This material is subject to the terms and conditions of the license [Creative Commons CC BY-NC-SA 4.0](https://creativecommons.org/licenses/by-nc-sa/4.0/). Free use is permitted for any non-comercial purpose with an obligatory indication of the names of the authors and of the source.

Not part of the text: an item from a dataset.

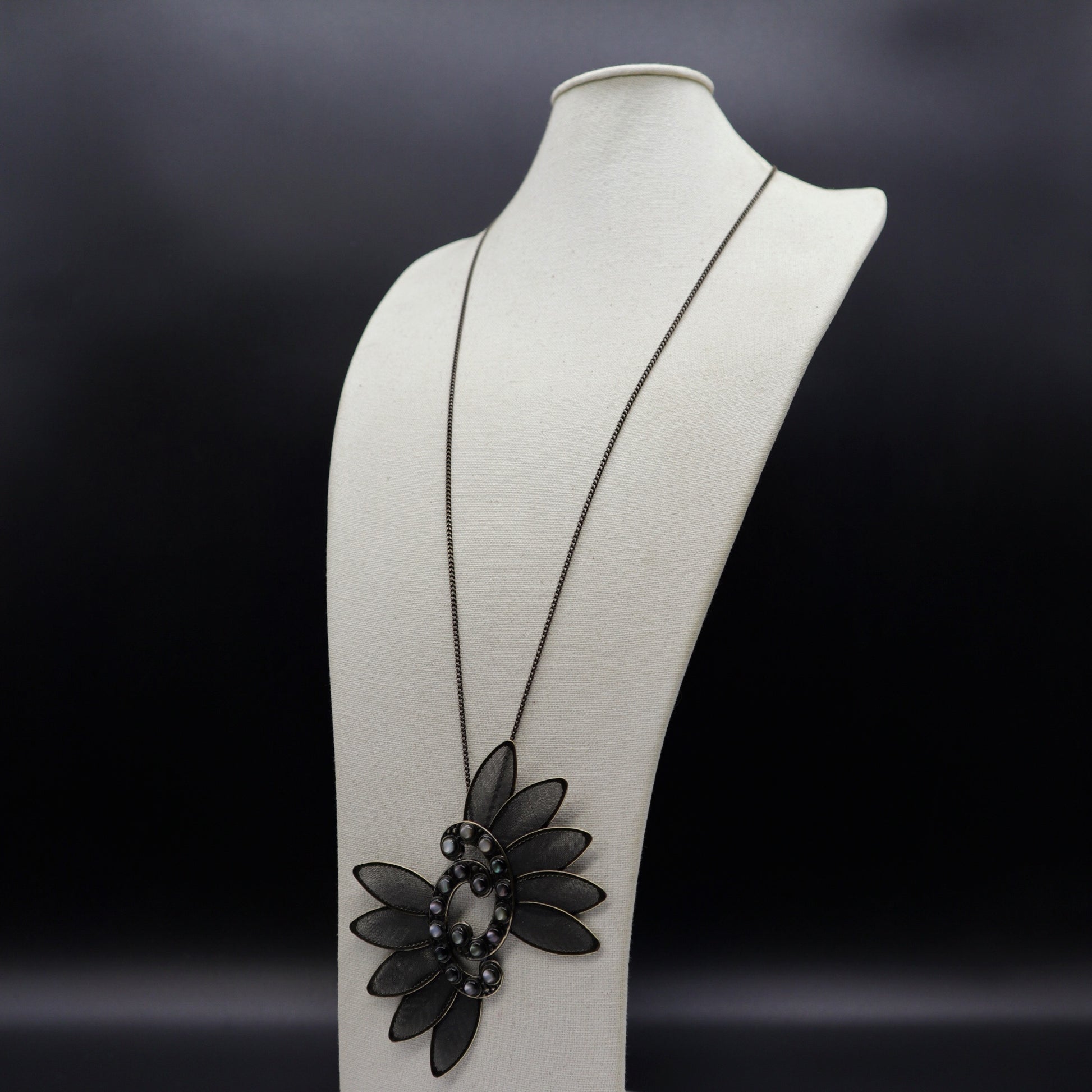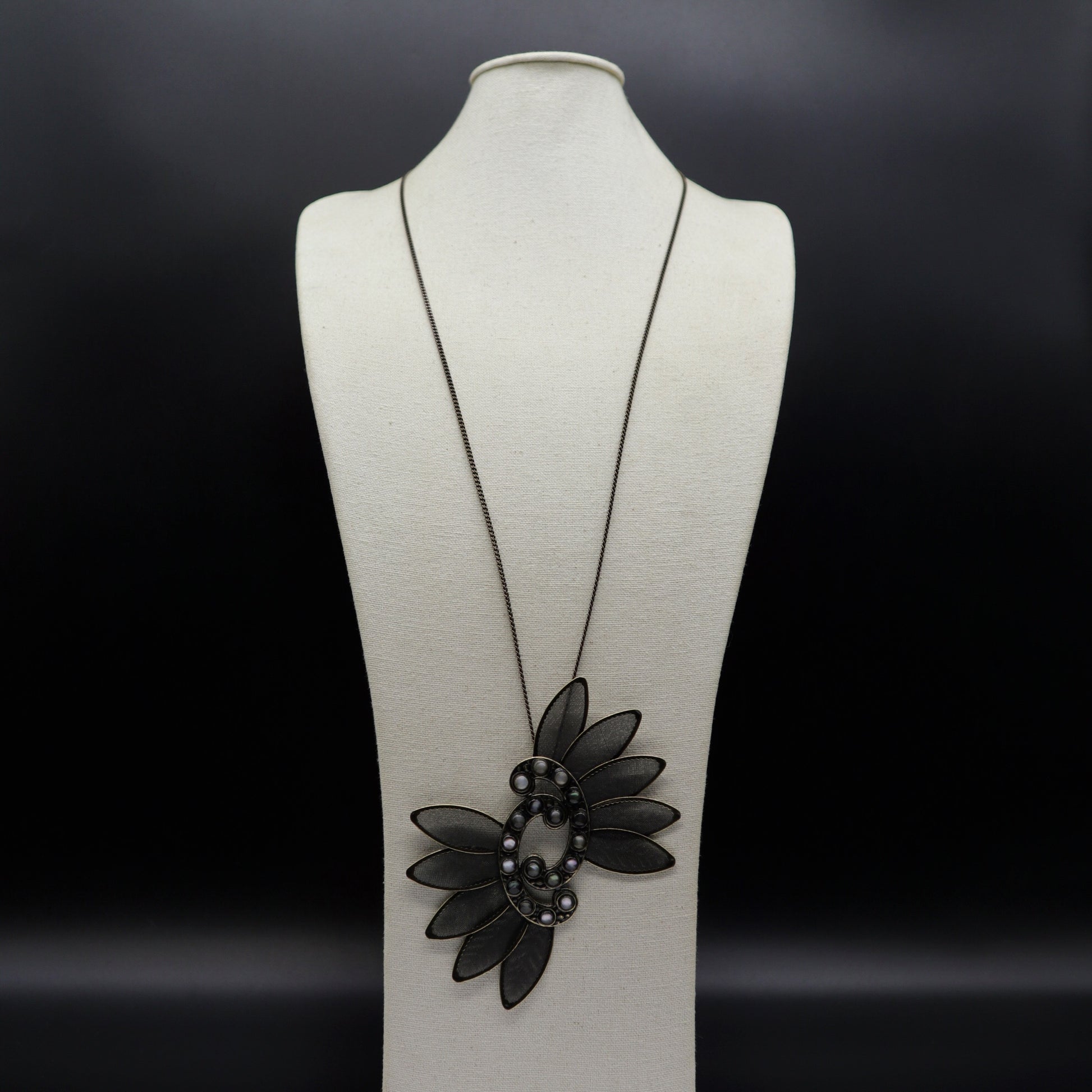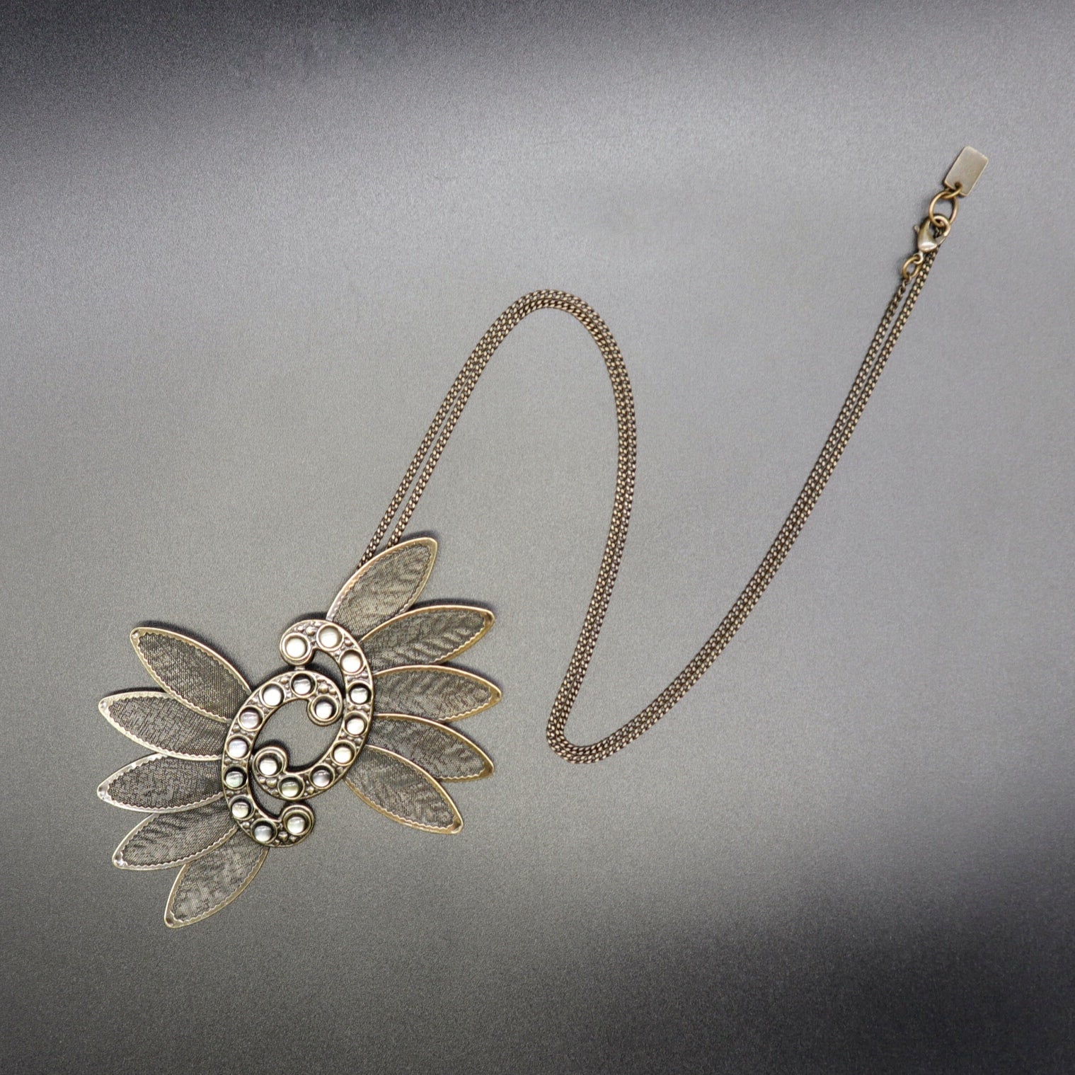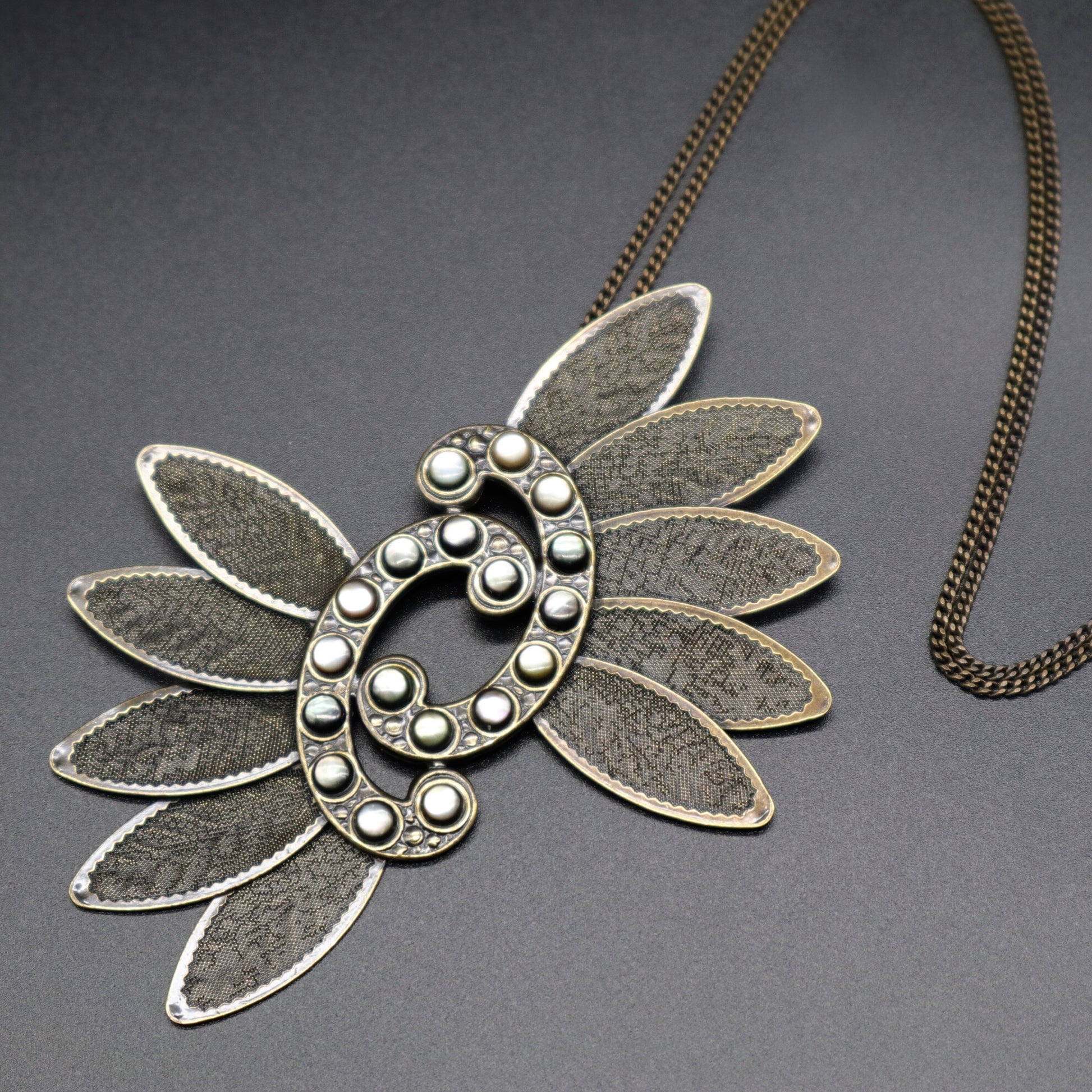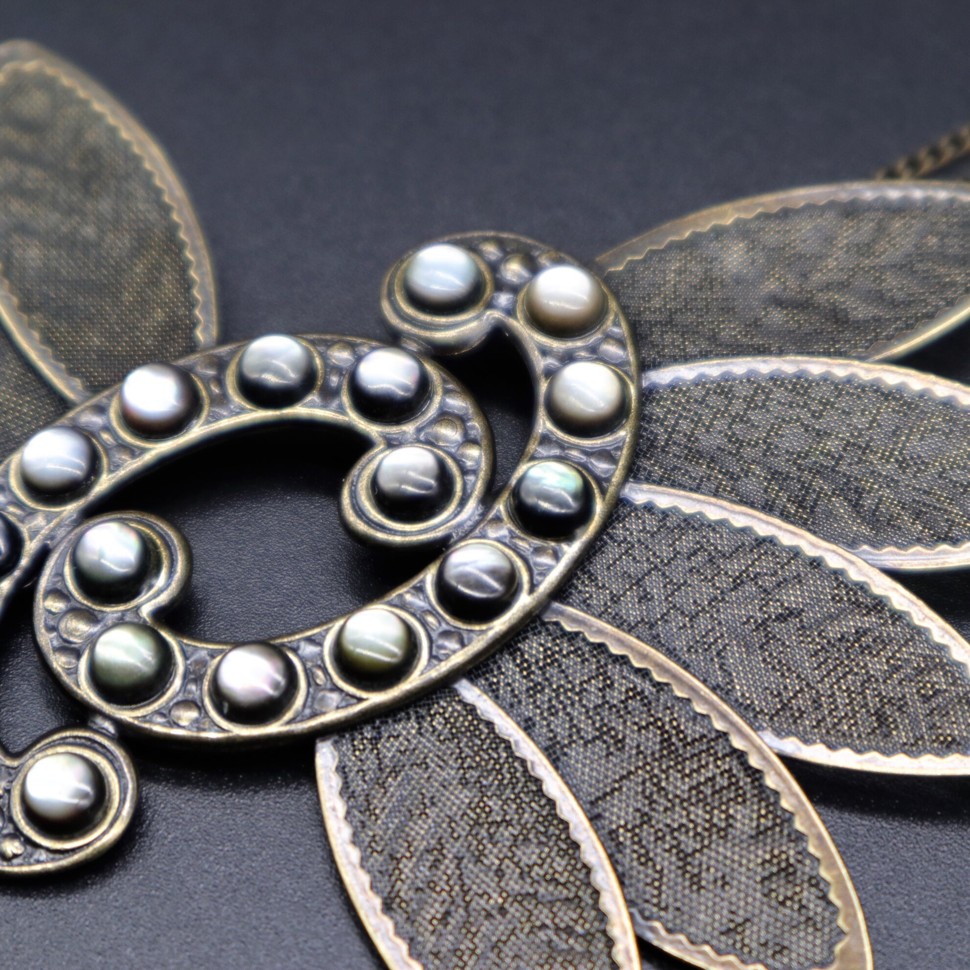 Collier assez imposant mais léger avec un motif inspiré par la robe comme des fleurs de lotus portée par le statues bouddhiste de la période Nara au Japon.

## <center>Assignment #6. Part 1
### <center> Beating benchmarks in "Catch Me If You Can: Intruder Detection through Webpage Session Tracking"
    
[Competition](https://www.kaggle.com/c/catch-me-if-you-can-intruder-detection-through-webpage-session-tracking2). The task is to beat "Assignment 6 baseline".

In [1]:
import warnings
warnings.filterwarnings('ignore')
%matplotlib inline
from matplotlib import pyplot as plt
import seaborn as sns
import os
import numpy as np
import pandas as pd
import pickle
import lightgbm as lgb
from scipy.sparse import csr_matrix, hstack
from sklearn.preprocessing import StandardScaler, OneHotEncoder
from sklearn.model_selection import StratifiedKFold
from sklearn.metrics import roc_auc_score
from sklearn.linear_model import LogisticRegression, LogisticRegressionCV
from sklearn.feature_extraction.text import TfidfVectorizer, TfidfTransformer, CountVectorizer
from sklearn.model_selection import GridSearchCV

Reading original data

In [2]:
PATH_TO_DATA = ('../../data')
train_df = pd.read_csv(os.path.join(PATH_TO_DATA, 'websites_train_sessions.csv'), index_col='session_id')
test_df = pd.read_csv(os.path.join(PATH_TO_DATA, 'websites_test_sessions.csv'), index_col='session_id')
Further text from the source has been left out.